++++ Material for this task

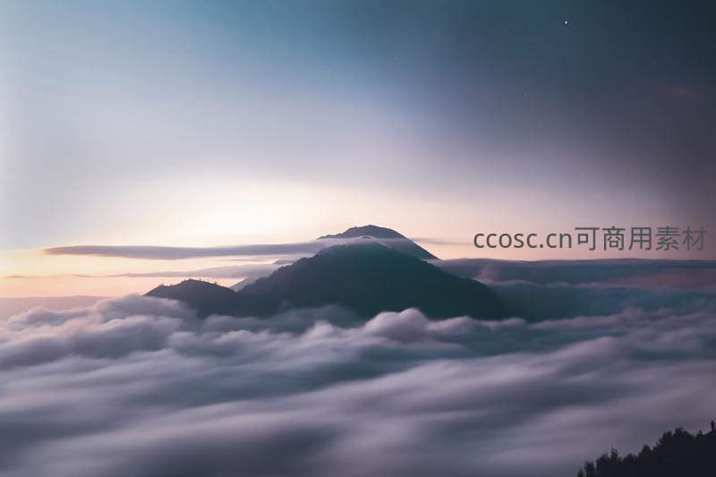 夕阳余晖染红天边,孤峰静立云海之上,薄雾轻绕如纱,远处星点初现,营造出超脱尘世、如梦似幻的诗意空间。
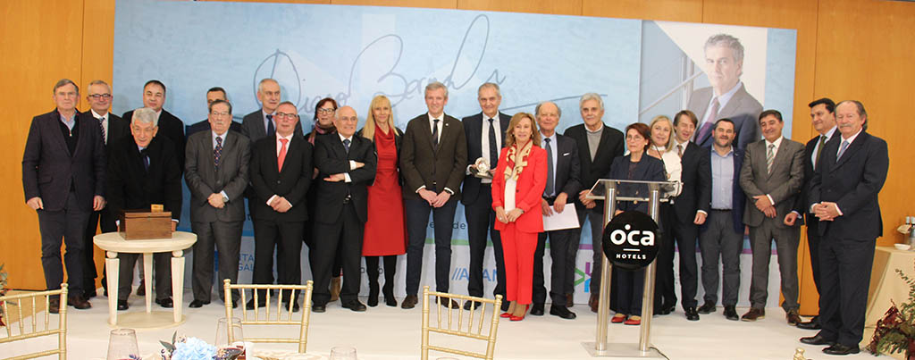 Alfonso Rueda felicitou ao homenaxeado e desexoulle novos éxitos na súa carreira xornalística para seguir aportando novos e acreditados puntos de vista sobre o devir diario e a súa repercusión na sociedade galega desde a práctica dun periodismo veraz e independente.
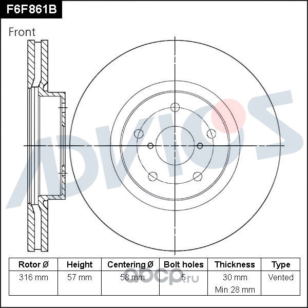 | ADVICS | F6F861B | Диск тормозной пер. | ||
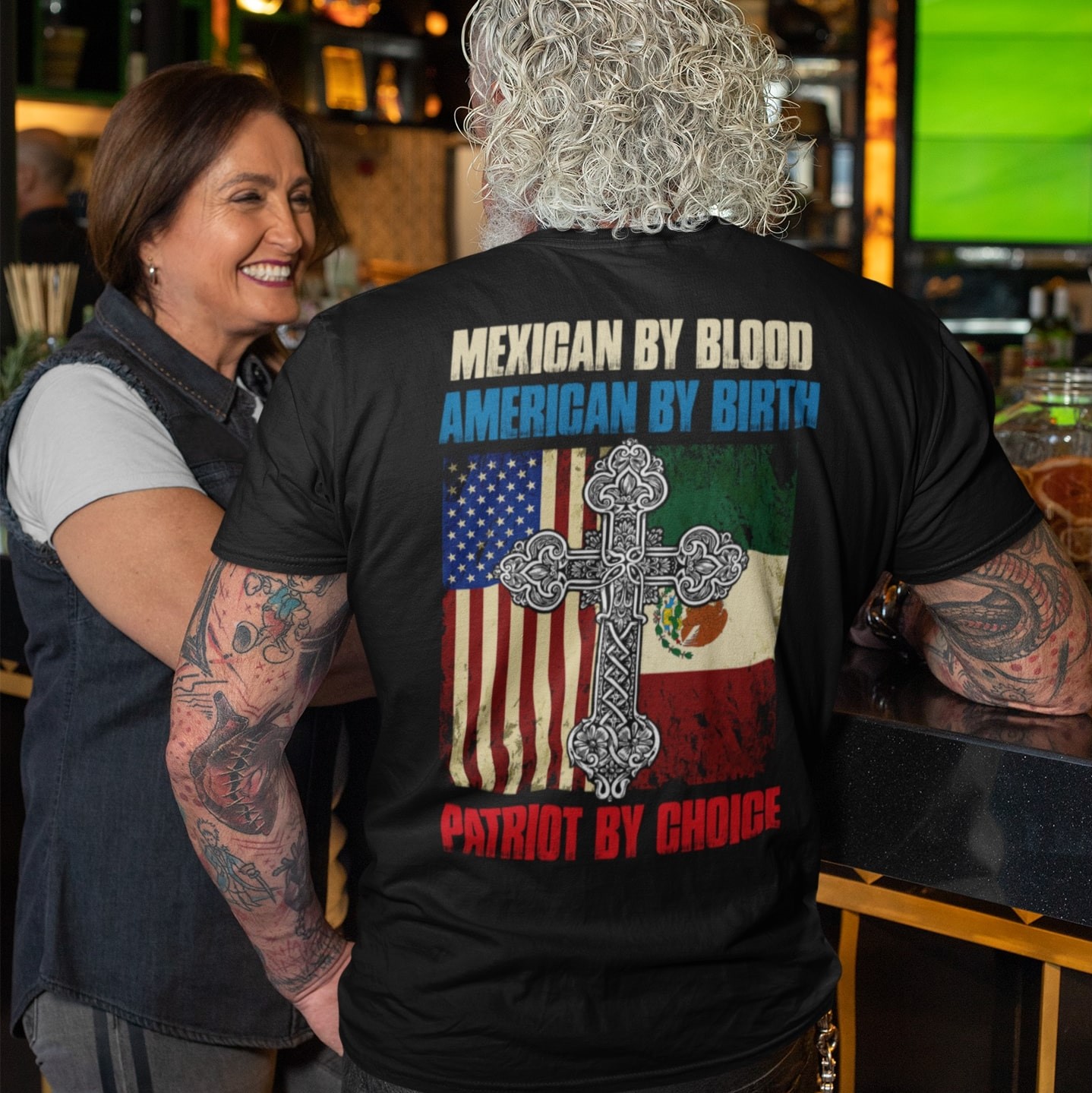 Mexican By Blood American By Birth Patriot By Choice Print On Back T-Shirt Only – Plain Front Shirt
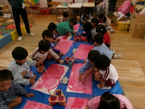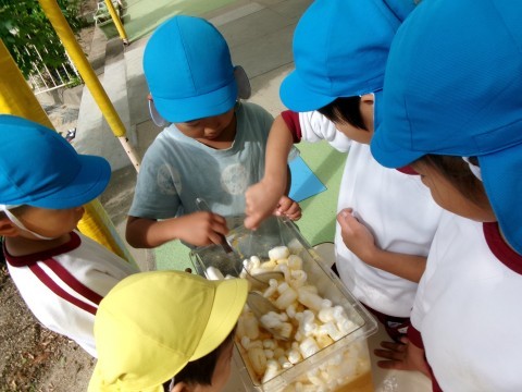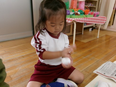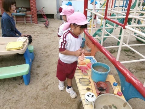 テラスでは「これを使ったら何ができるかな?」とお試し中の子どもたち。水と絵の具を混ぜたものに,緩衝材をいれてみると・・・・。思っていたように色が着かないなあと困っていると,たんぽぽ組さんもやってきました。そして,年少組の先生に「これを入れてみる?」と声をかけてもらって,たんぽぽ組のお友達も一緒にチャレンジしていましたよ。予想とは違っていても,いろいろと試してみるのは楽しいね!さてさて何ができるのかな?
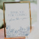 Ce Merci pour l'enseigne à venir avec élégante chinoiserie bleue est décoré de fleurs d'aquarelle Toile de Jouy. Il est parfait pour votre douche à thème "Quelque chose de bleu avant moi". Invitation correspondante, cartes de boîtier et panneaux sont également disponibles dans cette collection.

++++++++

[Your task]
Print the data exactly as written, dropping any images it holds.

[Output for this exercise]
 夕阳余晖染红天边,孤峰静立云海之上,薄雾轻绕如纱,远处星点初现,营造出超脱尘世、如梦似幻的诗意空间。
 Alfonso Rueda felicitou ao homenaxeado e desexoulle novos éxitos na súa carreira xornalística para seguir aportando novos e acreditados puntos de vista sobre o devir diario e a súa repercusión na sociedade galega desde a práctica dun periodismo veraz e independente.
 | ADVICS | F6F861B | Диск тормозной пер. | ||
 Mexican By Blood American By Birth Patriot By Choice Print On Back T-Shirt Only – Plain Front Shirt
 テラスでは「これを使ったら何ができるかな?」とお試し中の子どもたち。水と絵の具を混ぜたものに,緩衝材をいれてみると・・・・。思っていたように色が着かないなあと困っていると,たんぽぽ組さんもやってきました。そして,年少組の先生に「これを入れてみる?」と声をかけてもらって,たんぽぽ組のお友達も一緒にチャレンジしていましたよ。予想とは違っていても,いろいろと試してみるのは楽しいね!さてさて何ができるのかな?
 Ce Merci pour l'enseigne à venir avec élégante chinoiserie bleue est décoré de fleurs d'aquarelle Toile de Jouy. Il est parfait pour votre douche à thème "Quelque chose de bleu avant moi". Invitation correspondante, cartes de boîtier et panneaux sont également disponibles dans cette collection.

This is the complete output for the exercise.